• _Try it_:
Transcribe the stretch of entries below from the line with "foto: Steven Decroos" through the line with "jaargang 19 |", exactly and with both ends included; leave out all other lines.

• _Dataset extract_:
▬▬▬

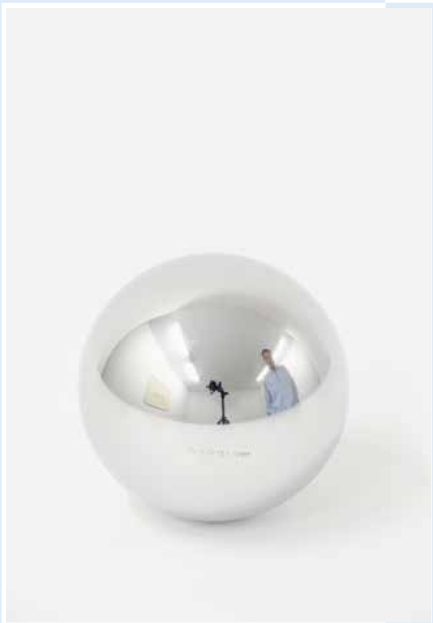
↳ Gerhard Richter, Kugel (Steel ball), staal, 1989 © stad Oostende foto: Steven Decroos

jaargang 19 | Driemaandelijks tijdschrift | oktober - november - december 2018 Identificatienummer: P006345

▬▬▬

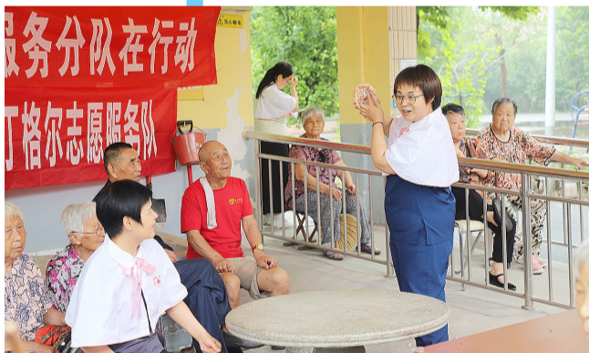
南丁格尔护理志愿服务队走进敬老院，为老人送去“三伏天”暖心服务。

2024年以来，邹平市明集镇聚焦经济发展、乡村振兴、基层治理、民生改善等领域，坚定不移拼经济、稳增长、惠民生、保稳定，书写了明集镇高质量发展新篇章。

▬▬▬

• _Response for this exercise_:
↳ Gerhard Richter, Kugel (Steel ball), staal, 1989 © stad Oostende foto: Steven Decroos

jaargang 19 | Driemaandelijks tijdschrift | oktober - november - december 2018 Identificatienummer: P006345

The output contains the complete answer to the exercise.